Al día siguiente, Cecilia recibió una nota inesperada. Su hermana Wilhelmina deseaba verla en Palacio para tratar un asunto importante.

Enseguida estuvo lista y se puso en marcha ─esta vez, ella sola─, dispuesta a contentar a la Duquesa y a satisfacer su propia curiosidad.

Cuánto la irritaba no disponer de suficientes criados y tener que conducir ella misma la calesa.

-Te he hecho llamar -dijo, empleando ese tono de superioridad que desquiciaba a su hermana-, porque creo que entre las dos seremos capaces de encontrar una buena pareja de baile para el Príncipe. Una que pueda convertirse en la candidata más adecuada a ser su esposa.

Cecilia se sorprendió. Era extraño que Wilhelmina no tuviera eso ya, como mínimo, previsto. ¿Estaba perdiendo facultades?

-No me mires así. Mis planes han cambiado y, por ello, las opciones que tenía en mente ya no me sirven.

-¿En qué han cambiado?

La Duquesa paseó su esbelta figura por la habitación.

-Bueno… Digamos que mi hijo ya no necesita una buena esposa… a largo plazo.

Cecilia conocía demasiado bien ese brillo en los ojos de Wilhelmina.

-Así que tu presencia en Palacio no es sólo como madre de su Alteza.

-Aún sí. Pero el panorama se presenta prometedor.
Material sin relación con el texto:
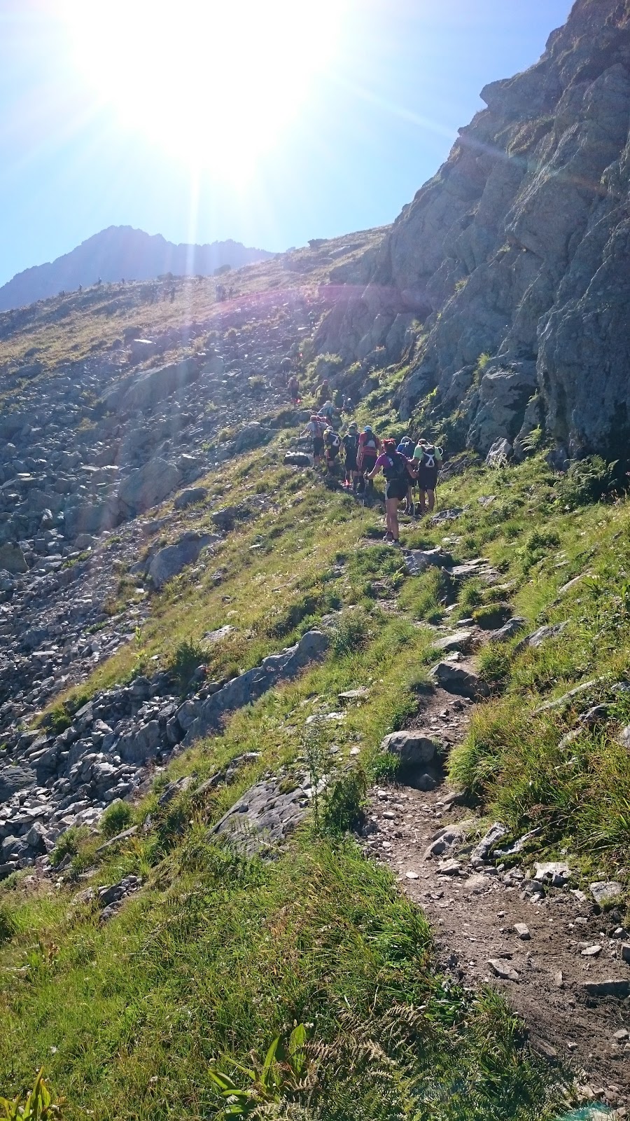 Au programme un sentier relativement glissant, parfois en devers, pour rejoindre à nouveau l'itinéraire du 144 puis le refuge de l'Oule à 1836m qui marque le début des hostilités jusqu'au col Moretan (2503m). Tout va bien, je m’attendais à souffrir dans cette montée de 2km dont quelques centaines de mètres dans de gros cailloux parfois instables, mais début de course aidant, j'avance très tranquillement, la chaleur ne me dérange pas et je ne ressens même pas le besoin de plier mes bâtons. Je n'ai posé les mains que sur les 20 derniers mètres il me semble, du coup j'arrive au col avec la patate.

El Rey está disponible ─más de lo que lo ha estado en mucho tiempo─, y yo también. Es un momento propicio para elevar mis aspiraciones.

Tú siempre estás disponible, si así te interesa, pensó Cecilia.

-¿Incluso a costa de Kasimir?

-¿A costa de Kasimir? Pues ¿qué más podría él desear? Lo he llevado a lo más alto y ahí se quedará. ¿Hay algo de malo en querer lo mismo para mí?

Incluso aunque Cecilia no hubiera compartido su punto de vista, la Duquesa, a veces, llegaba a intimidarla ─a su pesar─ hasta el punto de infundirle miedo. No sabía, pero sospechaba, de lo que podía alcanzar a ser capaz. Procuró que sus siguientes palabras estuvieran carentes de cualquier tono de reproche o desafío.

-Necesitas a alguien de quien, llegado el momento, puedas deshacerte con facilidad -resumió.

-Exacto. Nadie con una familia detrás que proteste o investigue demasiado. Y la necesito pronto. Si no, me temo que mi hijo se encaprichará por su cuenta y luego todo será mucho más difícil. Este baile podría jugar muy a mi favor o muy en mi contra. Todo depende de que lo prepare con la suficiente antelación.

Cecilia se puso a pensar.

-¿Y bien? -la increpó Wilhelmina, pasados un par de minutos.

-No se me ocurre nadie -su objetivo era posicionar a sus hijas, lo cual, al ser parientes tan directas, no era posible en este caso. El resto de doncellas casaderas la verdad es que no habían sido nunca su preocupación.

-¿No conoces a ninguna joven a quien pudieras manejar y que sea mínimamente aparente para engatusar a Kasimir? Pasaría primero por mis manos, así que la materia prima tampoco es necesario que sea especialmente espectacular.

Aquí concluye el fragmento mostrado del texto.